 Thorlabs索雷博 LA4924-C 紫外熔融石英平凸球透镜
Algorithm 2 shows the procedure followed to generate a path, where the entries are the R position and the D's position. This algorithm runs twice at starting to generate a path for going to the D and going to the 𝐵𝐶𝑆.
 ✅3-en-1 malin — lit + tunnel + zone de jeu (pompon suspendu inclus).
--
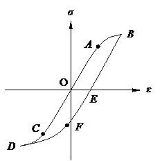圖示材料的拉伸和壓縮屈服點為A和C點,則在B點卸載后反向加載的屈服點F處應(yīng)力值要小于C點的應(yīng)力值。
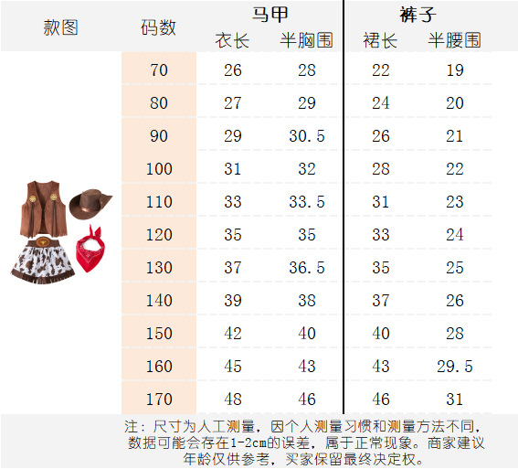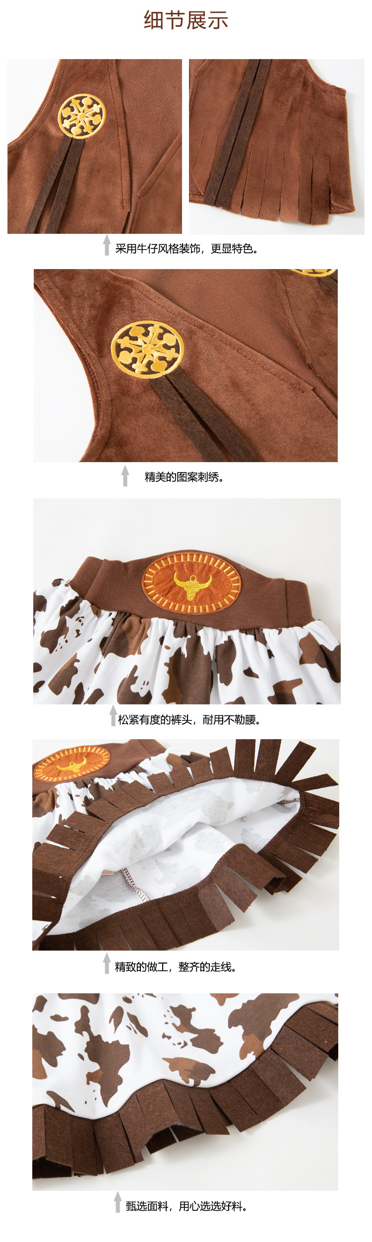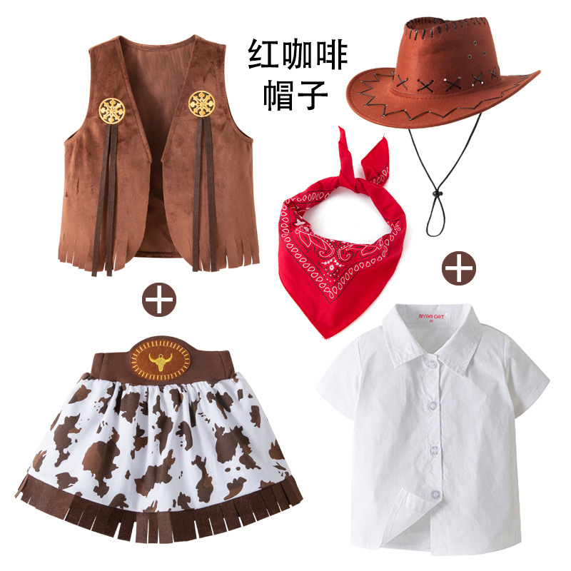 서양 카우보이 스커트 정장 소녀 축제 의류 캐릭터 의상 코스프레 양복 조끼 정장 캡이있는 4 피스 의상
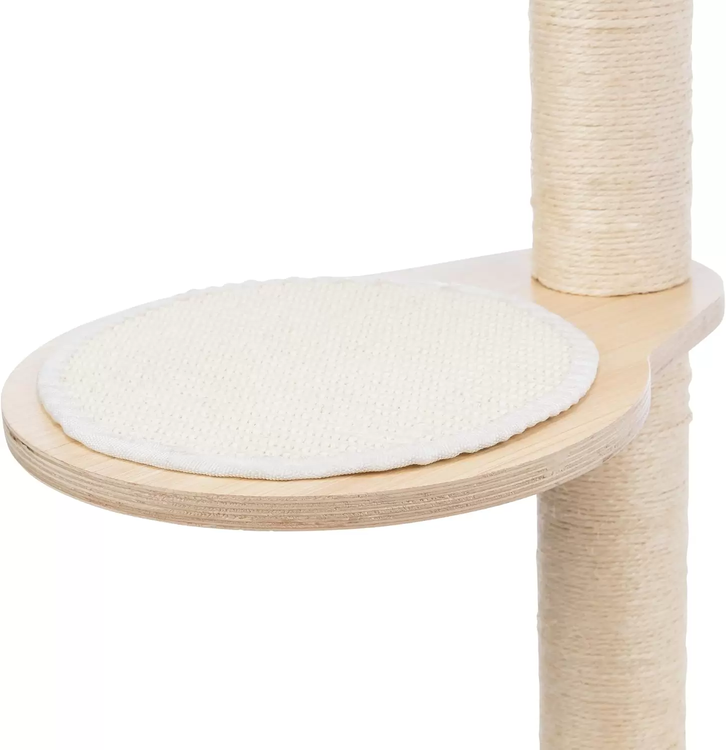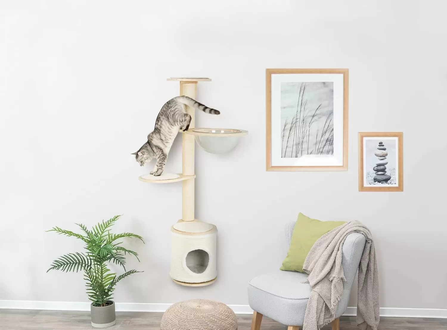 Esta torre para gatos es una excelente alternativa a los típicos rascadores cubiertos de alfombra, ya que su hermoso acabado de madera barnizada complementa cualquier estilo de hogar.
==
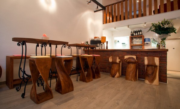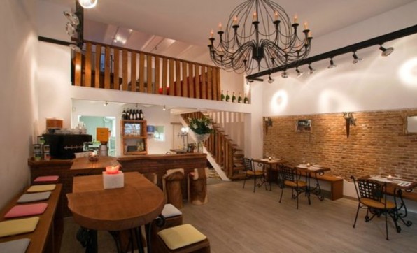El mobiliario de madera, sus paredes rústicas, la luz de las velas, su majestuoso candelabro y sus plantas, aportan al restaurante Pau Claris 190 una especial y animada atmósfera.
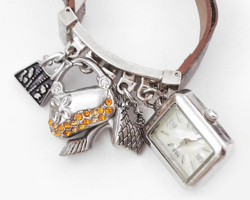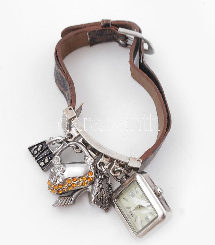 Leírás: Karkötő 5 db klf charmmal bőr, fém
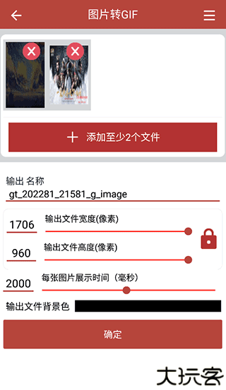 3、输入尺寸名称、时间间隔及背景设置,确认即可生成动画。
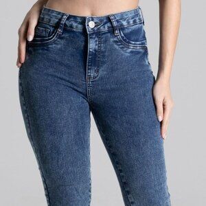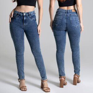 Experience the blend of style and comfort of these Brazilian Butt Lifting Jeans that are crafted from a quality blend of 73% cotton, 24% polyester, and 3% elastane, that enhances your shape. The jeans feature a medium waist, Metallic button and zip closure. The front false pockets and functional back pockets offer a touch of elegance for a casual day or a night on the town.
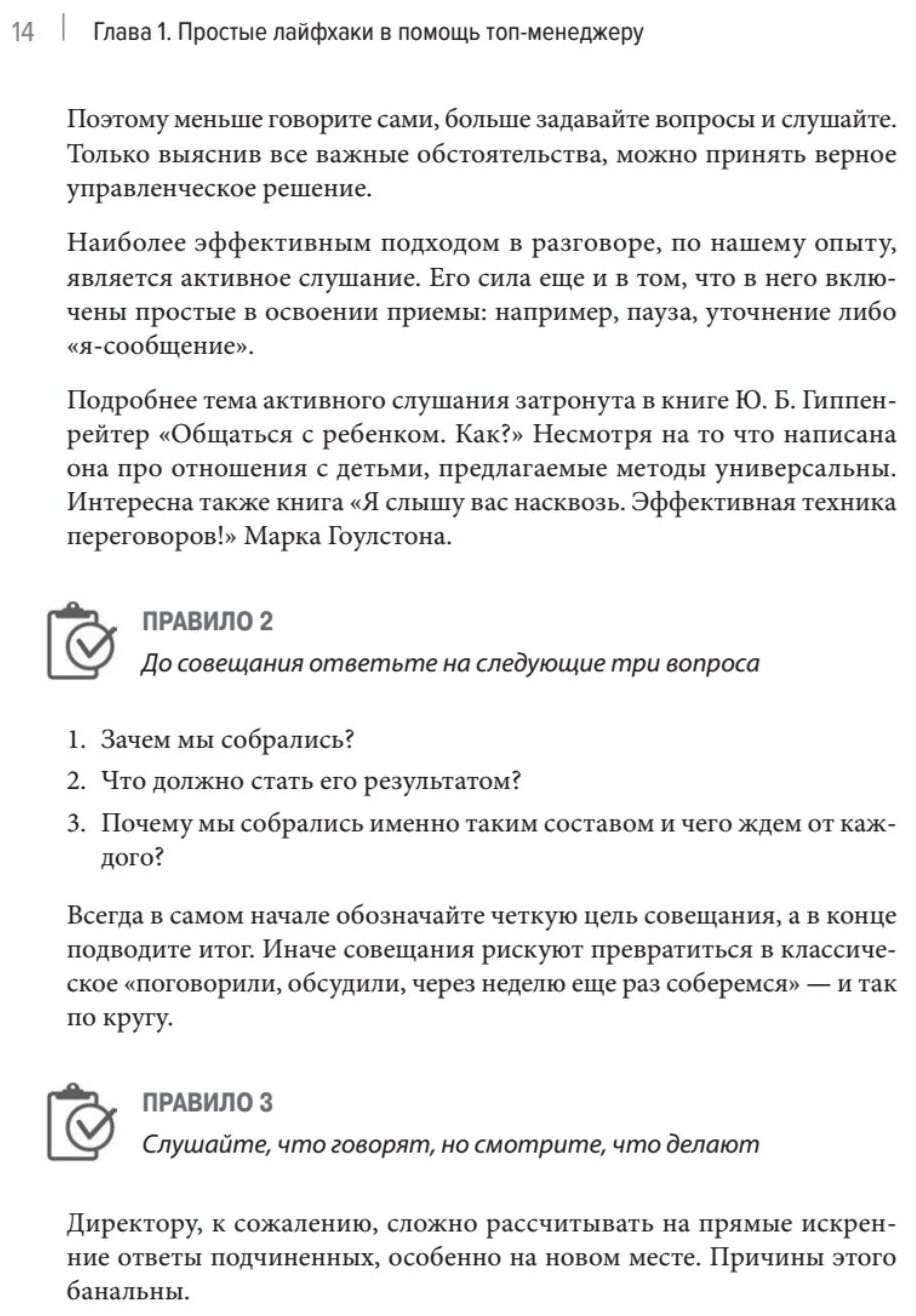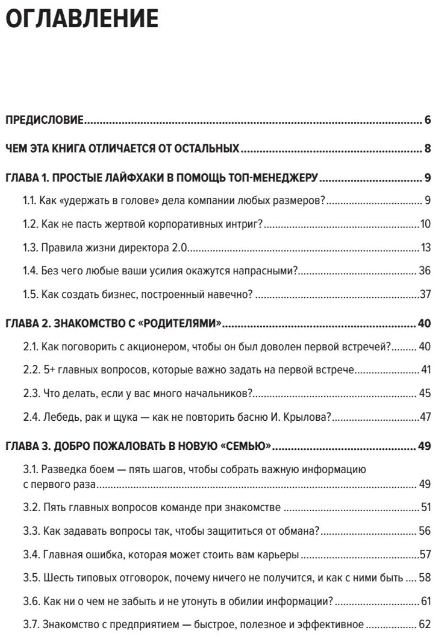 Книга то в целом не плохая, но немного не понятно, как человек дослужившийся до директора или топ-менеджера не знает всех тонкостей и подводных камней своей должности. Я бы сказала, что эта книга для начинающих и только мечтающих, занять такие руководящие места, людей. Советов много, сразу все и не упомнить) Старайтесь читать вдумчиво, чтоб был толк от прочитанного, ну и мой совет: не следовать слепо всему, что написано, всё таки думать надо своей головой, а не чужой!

> [PROBLEM TO SOLVE] Every line above from the line with "Thorlabs索雷博 LA4924-C 紫外熔融石英平凸球透镜" to the line with "(pompon suspendu inclus).", both included, must be reproduced exactly, and no other line may appear.

> [OUTPUT FOR THIS TASK]
 Thorlabs索雷博 LA4924-C 紫外熔融石英平凸球透镜
Algorithm 2 shows the procedure followed to generate a path, where the entries are the R position and the D's position. This algorithm runs twice at starting to generate a path for going to the D and going to the 𝐵𝐶𝑆.
 ✅3-en-1 malin — lit + tunnel + zone de jeu (pompon suspendu inclus).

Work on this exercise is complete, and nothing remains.